(DATASET EXTRACT begins)

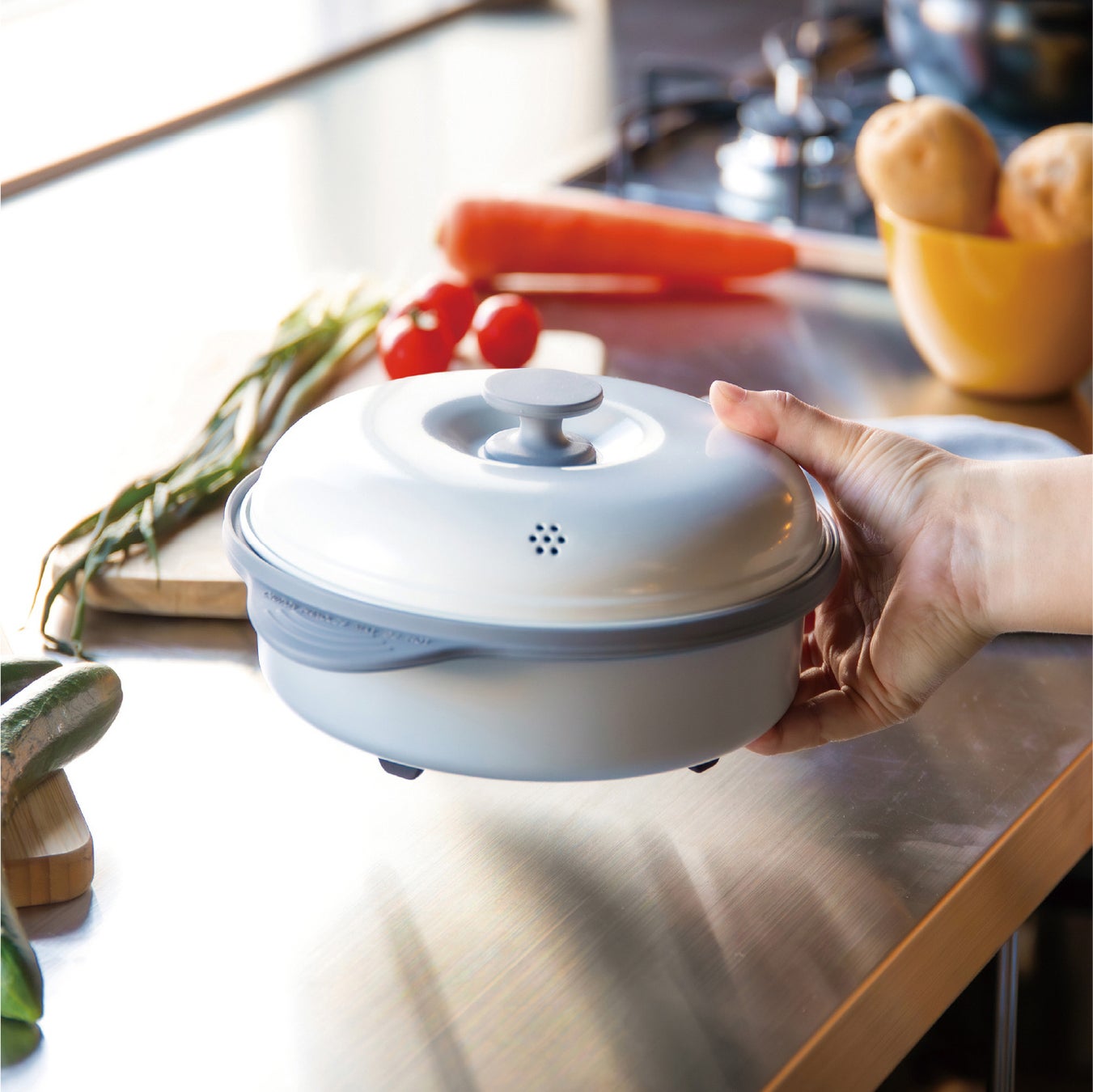 【新商品】電子レンジで蒸し料理・鍋料理が簡単に作れる!「COPAN レンジグリル深型 蒸し皿付き」が新登場。
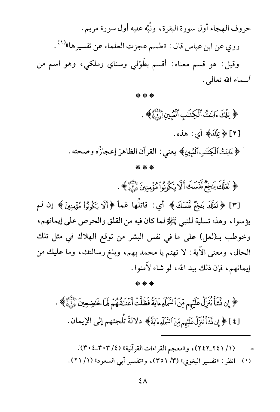 [3] {لَعَلَّكَ بَاخِعٌ نَفْسَكَ} أي: قاتلُها غمًّا {أَلَّا يَكُونُوا مُؤْمِنِينَ} إن لم يؤمنوا، وهذا تسلية للنبي - صلى الله عليه وسلم - لما كان فيه من القلق والحرص على إيمانهم، وخوطب بـ (لعل) على ما في نفس البشر من توقع الهلاك في مثل تلك الحال، ومعنى الآية: لا تهتم يا محمد بهم، وبلغ رسالتك، وما عليك من إيمانهم، فإن ذلك بيد الله، لو شاء لآمنوا.
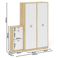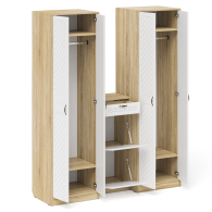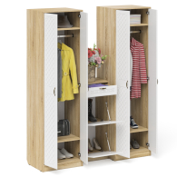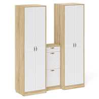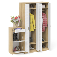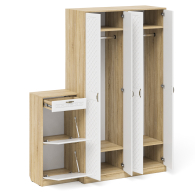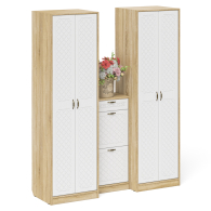 Комплектация состоит из двух шкафов для одежды объединенных в единый блок и высокой обувницы. Классический шкаф (в комплектации 2 единицы) за распашными дверками которого расположены антресольная полка для головных уборов, горизонтальная штанга и нижняя ниша для обуви. Высокая обувница оборудована ящиком для мелочей сверху и двумя отделениями с откидными фасадами для обуви. Для фиксации откидных фасадов используется газлифт мебельный. Максимальная нагрузка составляет 5 кг. Ручки в виде скоб выполнены из металла в цвете бронза. Выдвижной ящик установлен на металлические направляющие, обеспечивающие надёжное прямолинейное движение. Двери закреплены на четырёхшарнирных петлях. Фасады выполнены из МДФ односторонней белой 16 мм. и покрыта плёнкой ПВХ 0,3 мм. белое дерево. Декоративная фрезеровка Ромб служит отличным дополнением к общему светлому тону фасада. Корпуса выполнены из ламинированной ДСП 16 мм., которая имеет гигиенический сертификат Е1 и относится к самой безопасной группе ДСП. Торцы деталей облицованы кромкой ПВХ 2 мм. и 0,4 мм., что улучшает эстетический вид и продлевает срок службы обувнице. На опорах мебели используются пластиковые подпятники, сохраняющие Ваше напольное покрытие от повреждений. Поставляются тумба для обуви две секции и два шкафа в прихожую П-6 № 13 в разобранном виде в надёжной упаковке, с комплектом сборочной фурнитуры и инструкцией по сборке. Изображения тумбы для обуви две секции и двух шкафов в прихожую П-6 № 13 Вы можете найти выше в начале страницы.
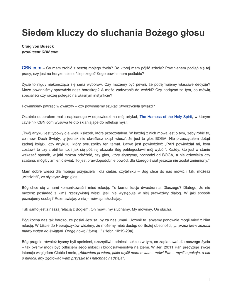 Siedem kluczy do słuchania Bożego głosu Craig von Buseck producent CBN.com CBN.com – Co mam zrobić z resztą mojego życia? Do której mam pójść szkoły? Powinienem podjąć się tej pracy, czy jest na horyzoncie coś lepszego? Kogo powinienem poślubić? Życie to nigdy niekończąca się seria wyborów. Czy możemy być pewni, że podejmujemy właściwe decyzje? Może powinniśmy sprawdzić nasz horoskop? A może zadzwonić do wróżki? Czy podążać za tym, co mówią specjaliści czy raczej polegać na własnym instynkcie? Powinniśmy patrzeć w gwiazdy – czy powinniśmy szukać Stworzyciela gwiazd? Ostatnio odebrałem maila napisanego w odpowiedzi na mój artykuł, The Harness of the Holy Spirit, w którym czytelnik CBN.com wysuwa te oto skłaniające do refleksji myśli: „Twój artykuł jest typowy dla wielu książek, które przeczytałem. W każdej z nich mowa jest o tym, żeby robić to, co mówi Duch Święty, ty jednak nie określasz skąd ‘wiesz’, że jest to głos BOGA. Nie przeczytałem dotąd żadnej książki czy artykułu, który poruszałby ten temat. Łatwo jest powiedzieć: „PAN powiedział mi, bym zostawił to czy zrobił tamto, i jak się później okazało Bóg pobłogosławił mój wybór”. Każdy, kto jest w stanie wskazać sposób, w jaki można odróżnić, czy głos, który słyszymy, pochodzi od BOGA, a nie człowieka czy szatana, mógłby zmienić świat. To jest prawdopodobnie powód, dla którego świat jeszcze nie został zmieniony.” Mam dobre wieści dla mojego przyjaciela i dla ciebie, czytelniku – Bóg chce do nas mówić i tak, możesz „wiedzieć”, że słyszysz Jego głos. Bóg chce się z nami komunikować i mieć relację. To komunikacja dwustronna. Dlaczego? Dlatego, że nie możesz posiadać z kimś rzeczywistej więzi, jeśli nie występuje w niej prawdziwy dialog. W jaki sposób poznajemy osobę? Rozmawiając z nią - mówiąc i słuchając. Tak samo jest z naszą relacją z Bogiem. On mówi, my słuchamy. My mówimy, On słucha. Bóg kocha nas tak bardzo, że posłał Jezusa, by za nas umarł. Uczynił to, abyśmy ponownie mogli mieć z Nim relację. W Liście do Hebrajczyków widzimy, że możemy mieć dostęp do Bożej obecności, „…przez krew Jezusa mamy wstęp do świątyni. Drogą nową i żywą…" (Hebr. 10:19-20a). Bóg pragnie również byśmy byli spełnieni, szczęśliwi i odnieśli sukces w tym, co zaplanował dla naszego życia – tak byśmy mogli być odbiciem Jego miłości i błogosławieństwa na ziemi. W Jer. 29:11 Pan precyzuje swoje intencje względem Ciebie i mnie, „Albowiem ja wiem, jakie myśli mam o was – mówi Pan – myśli o pokoju, a nie o niedoli, aby zgotować wam przyszłość i natchnąć nadzieją". 1 Widzimy w 1Mojż. 3:8a, że „[pierwsi ludzie]...usłyszeli szelest Pana przechadzającego się po ogrodzie w powiewie dziennym..." Taką samą więź pragnie dziś mieć z nami Bóg, To jest Bożym pragnieniem, by chodzić i rozmawiać ze swoimi dziećmi. On chce mówić do nas. A od nas oczekuje również słuchania i mówienia do Niego. Jest więcej tej dobrej nowiny – możemy słyszeć Jego głos. Biblia, Boży list miłosny do ludzkości, precyzuje to, mówiąc że zostaliśmy stworzeni do dwustronnej komunikacji z Bogiem. Jezus powiedział: „Owce moje głosu mojego słuchają i znam je, a one idą za mną" (Jn 10:27). Podczas studiów, odbywałem praktykę w lokalnej stacji telewizyjnej przy nagrywaniu materiałów wideo. Pewnego dnia jechałem z producentem i pewną młodą kobietą pracującą w dziele charytatywnym na zdjęcia. W drodze opowiedziała nam, że pod namową ojca, kupiła ostatnio dwupoziomowe mieszkanie. Czując się wciąż niekomfortowo z tym wielkim zobowiązaniem, jakiego się właśnie podjęła, wypowiedziała głośno myśl, „Skąd mogłabym wiedzieć, że podejmuję właściwą decyzję?” Oto pytanie nurtujące nas od wieków, prawda? Ale jako dzieci Boże nie musimy chodzić na oślep. Możemy mieć pewność, że będziemy słyszeć Jego głos. Apostoł Paweł pisze w Rzym. 8:14, „Bo ci, których Duch Boży prowadzi, są dziećmi Bożymi." I odwrotnie, Pismo wspomina również, że jeśli jesteśmy dziećmi Bożymi, jeśli narodziliśmy się na nowo, będziemy prowadzeni przez Jego Ducha. Takie zapewnienie mamy również w Ps. 37:23 i 24, „Pan kieruje krokami męża (sprawiedliwego, nowonarodzonego). Wspiera tego, którego droga mu się podoba. Choćby się potknął, nie przewróci się, gdyż Pan podtrzyma go ręką swoja.” Bóg pokieruje naszymi krokami i nawet jeśli coś zepsujemy, gdy będziemy szczerze próbować pełnić Jego wolę, On nas podniesie i da nam drugą szansę. Najtrudniejszą częścią słuchania Bożego głosu jest fakt, że nauczenie się rozróżniania Bożego głosu wymaga czasu – i pokornego serca. W Jer. 29:12-13 czytamy: „Gdy będziecie mnie wzywać i zanosić do mnie modły, wysłucham was. A gdy mnie będziecie szukać, znajdziecie mnie, gdy mnie będziecie szukać całym swoim sercem." Nie możemy niczego żądać od Wszechmocnego Boga. Nie możemy grozić niebu pięścią mówiąc, „no dobra, Boże, wypowiedz się!”. Możemy jednak poprosić, szukać i pukać do drzwi, a Biblia obiecuje, że Bóg je otworzy. Bóg objawi siebie tym, którzy szczerze Go szukają. Autor Przypowieści mówi o tym, że nasze myśli i intencje nabierają tego samego kierunku co wola Boża, kiedy w pełni się Jemu poddamy. „Powierz Panu swoje sprawy [poddaj i powierz je Jemu całkowicie; On sprawi, że staną się zgodne z Jego wolą] a wtedy ziszczą się twoje zamysły.” (Przyp. Sal. 16:3). Bóg pokazuje nam siebie, kiedy szczerze Go szukamy. Podobny fragment w Przyp. Sal. 3 sprawia, że staje się to jeszcze bardziej jasne. „Zaufaj Panu z całego swojego serca i nie polegaj na własnym rozumie! Pamiętaj o Nim na wszystkich swoich drogach, a On prostować będzie twoje ścieżki." (Przyp. Sal. 3:5-6).
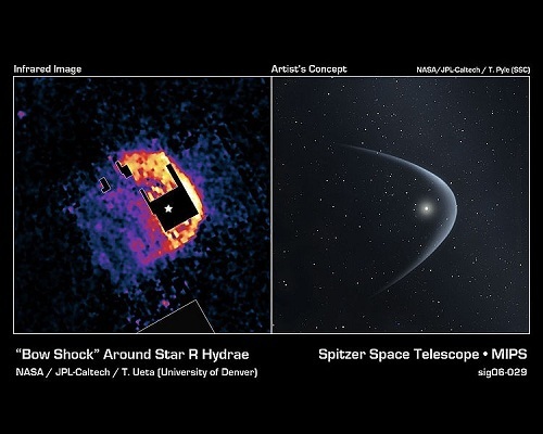 Image: Spitzer image and artists conception of the bow shock around R Hya. Credit: NASA/JPL, Toshiya Ueta.
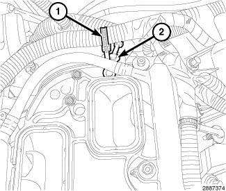Disengage the main wire harness retainer (2) from the rear of the lower intake manifold.
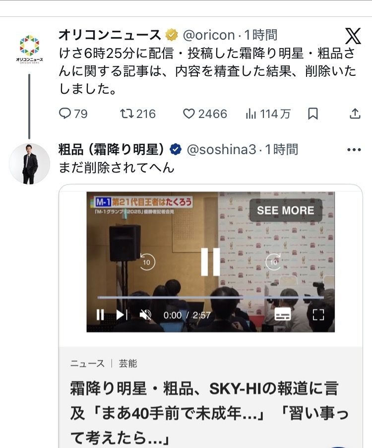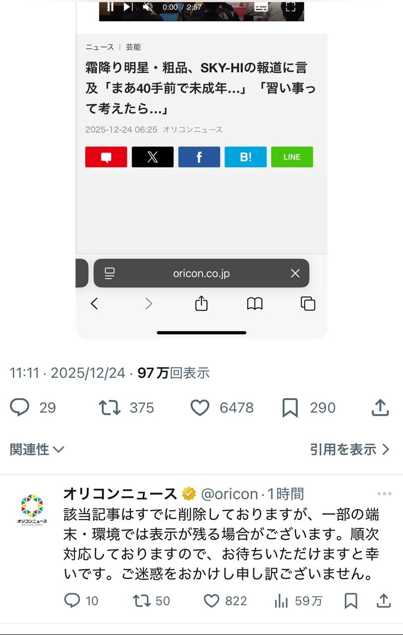 偏向じゃないならチキったのは謝罪して記事削除したオリコンの方ちゃうの? - 86 : 2025/12/24(水) 14:13:09.463 ID:URO1GY48Q
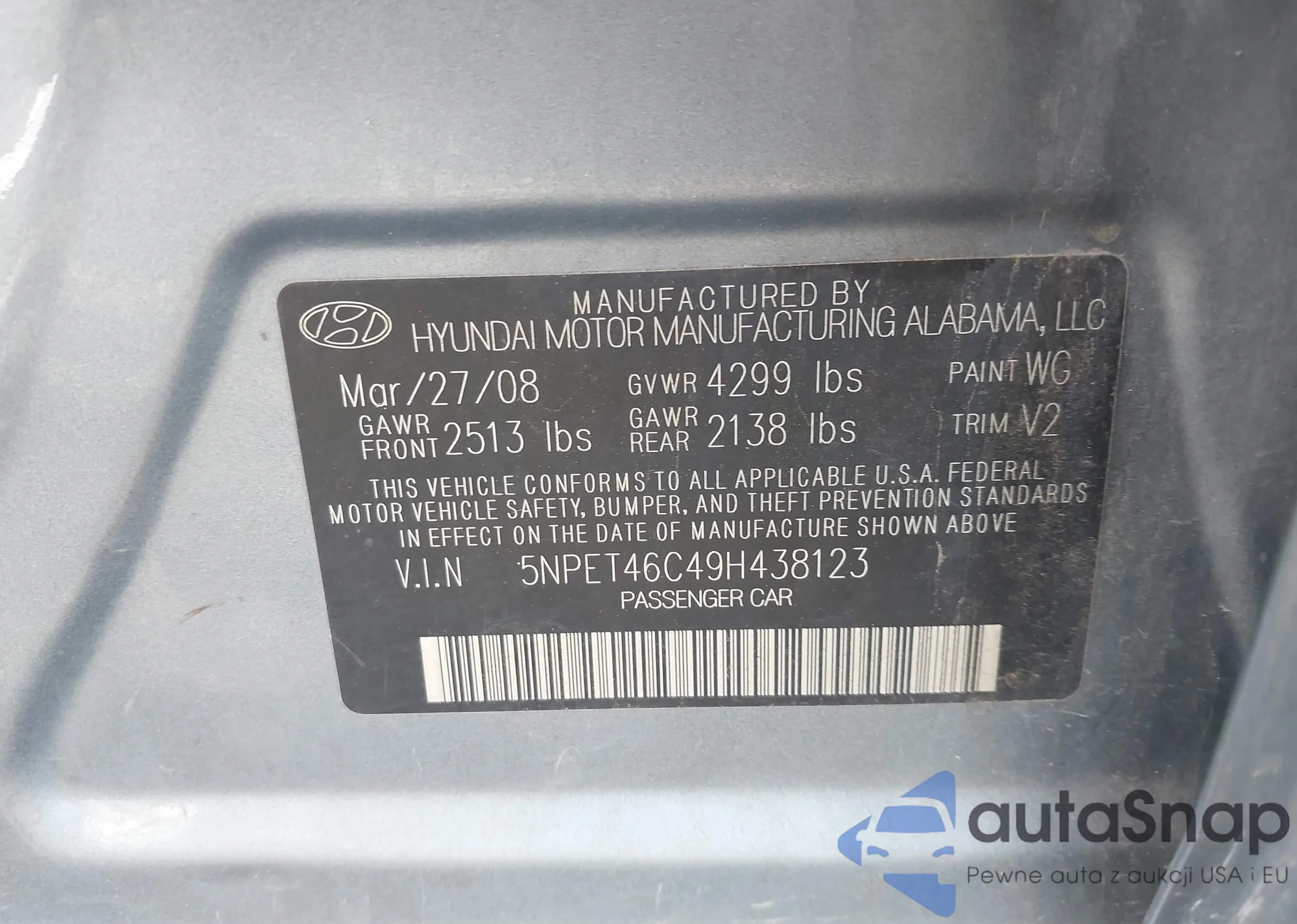 VIN: 5NPET46C49H438123
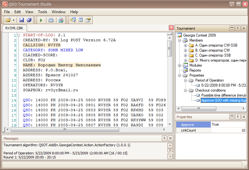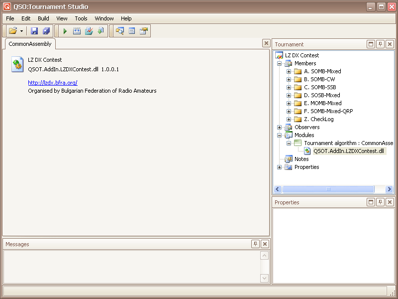 competition presented in the form of tree-like structure. Panel "Property" is intended
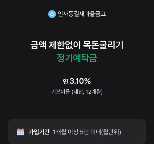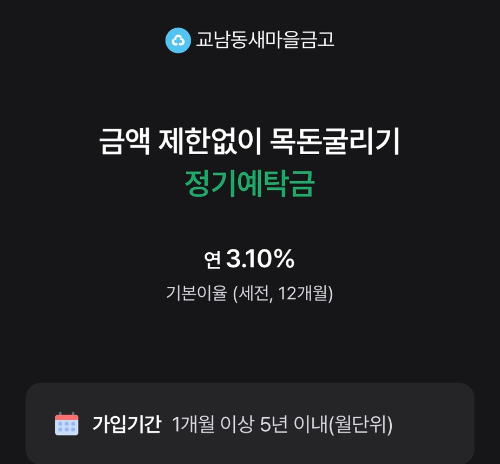 이번 글에서는 이러한 상품의 기본 구조를 바탕으로, 서울에 있는 새마을금고 더뱅킹 정기예금 금리를 한눈에 정리해 드리겠습니다.
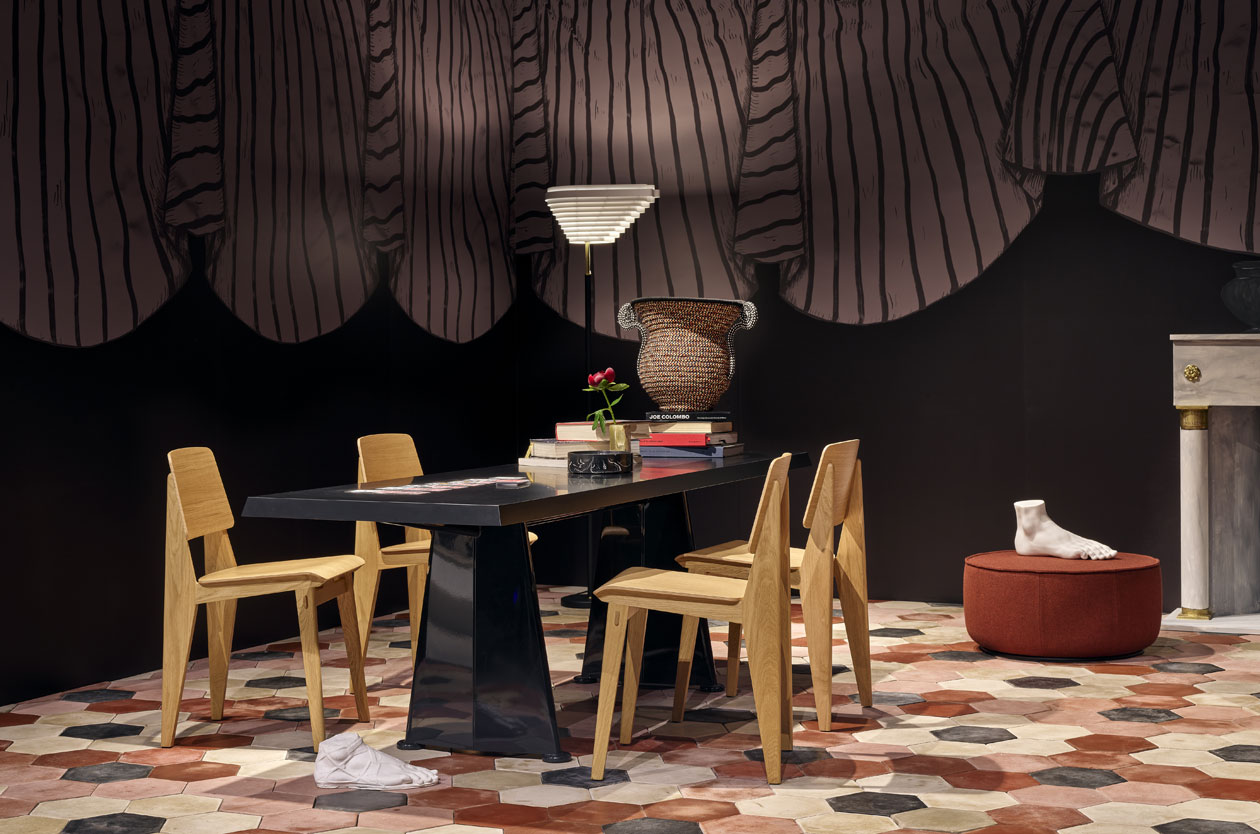 Ein Highlight der Vitra Neuheiten ist der sicherlich der Holzstuhl Chaise Tout Bois von Jean Prouvé. Der Entwurf ist eine Weiterentwicklung seines Standard Chairs aus den 1940er Jahren, wo wegen der Materialknappheit während des Zweiten Weltkriegs Prouvé Holz statt Metall verwendete. Das Besondere an dem Stuhl ist die Tatsache, dass er komplett ohne Schrauben auskommt. Die Abbildung zeigt den Chaise Tout Bois an dem Trapeze Tisch des französischen Designers und Konstrukteurs, abgerundet wird das Ensemble durch eine Artek Engelsflügel Leuchte von Alvar Aalto.

(DATASET EXTRACT ends)

Return, unchanged, the lines from the first line of the material through the line that holds "لو شاء لآمنوا.", inclusive, omitting pictures.

 【新商品】電子レンジで蒸し料理・鍋料理が簡単に作れる!「COPAN レンジグリル深型 蒸し皿付き」が新登場。
 [3] {لَعَلَّكَ بَاخِعٌ نَفْسَكَ} أي: قاتلُها غمًّا {أَلَّا يَكُونُوا مُؤْمِنِينَ} إن لم يؤمنوا، وهذا تسلية للنبي - صلى الله عليه وسلم - لما كان فيه من القلق والحرص على إيمانهم، وخوطب بـ (لعل) على ما في نفس البشر من توقع الهلاك في مثل تلك الحال، ومعنى الآية: لا تهتم يا محمد بهم، وبلغ رسالتك، وما عليك من إيمانهم، فإن ذلك بيد الله، لو شاء لآمنوا.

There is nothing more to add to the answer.